> _ACTIVITY_
Print all of the data exactly, but drop the pictures.

START GIVEN MATERIAL

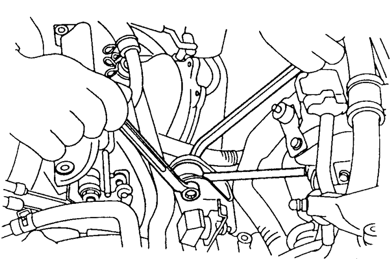 NOTE: Before attaching the special engine support tools, connect the adjuster to the buffer rod assembly on the right side of the engine.
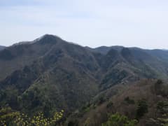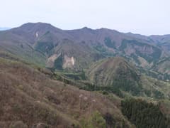 まず、南を眺めると、カラマツ林に覆われた緩やかな上信国境稜線が低く横たわる。奥の平坦なスカイラインは四方原山辺りだろうか。目を西に転じると、大上峠から余地峠にかけて上信国境稜線がググッと盛り上がり、いくつかの顕著なピークを起こす。中腹のずいぶん高い所に見える集落は、南牧村自然公園キャンプ場のようだ。稜線の向こうに目を凝らすと、彼方に北アの白い峰々が見える。
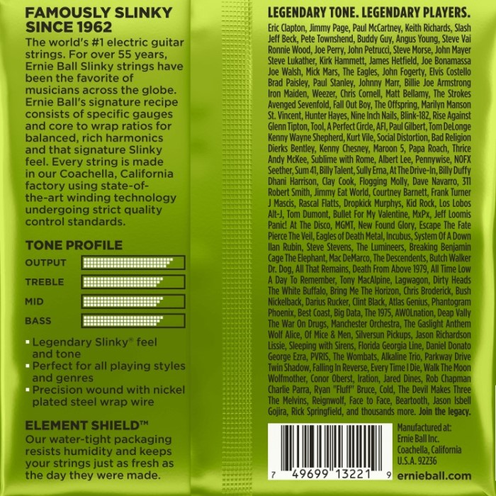 Juego de cuerdas Regular Slinky para guitarra eléctrica de Ernie Ball. Usadas por Eric Clapton, John Mayer, Steve Vai y por legiones de guitarristas en el mundo entero. Es el juego más vendido de Ernie Ball dado que son las cuerdas favoritas de muchos músicos. Fabricadas con un entorchado de alambre de acero niquelado que envuelve el núcleo central hexagonal mientras que las planas se fabrican de acero de alto carbono estañado, especialmente templado para dar un sonido muy equilibrado a tu guitarra.

END GIVEN MATERIAL

> _WRITTEN REPLY_
 NOTE: Before attaching the special engine support tools, connect the adjuster to the buffer rod assembly on the right side of the engine.
 まず、南を眺めると、カラマツ林に覆われた緩やかな上信国境稜線が低く横たわる。奥の平坦なスカイラインは四方原山辺りだろうか。目を西に転じると、大上峠から余地峠にかけて上信国境稜線がググッと盛り上がり、いくつかの顕著なピークを起こす。中腹のずいぶん高い所に見える集落は、南牧村自然公園キャンプ場のようだ。稜線の向こうに目を凝らすと、彼方に北アの白い峰々が見える。
 Juego de cuerdas Regular Slinky para guitarra eléctrica de Ernie Ball. Usadas por Eric Clapton, John Mayer, Steve Vai y por legiones de guitarristas en el mundo entero. Es el juego más vendido de Ernie Ball dado que son las cuerdas favoritas de muchos músicos. Fabricadas con un entorchado de alambre de acero niquelado que envuelve el núcleo central hexagonal mientras que las planas se fabrican de acero de alto carbono estañado, especialmente templado para dar un sonido muy equilibrado a tu guitarra.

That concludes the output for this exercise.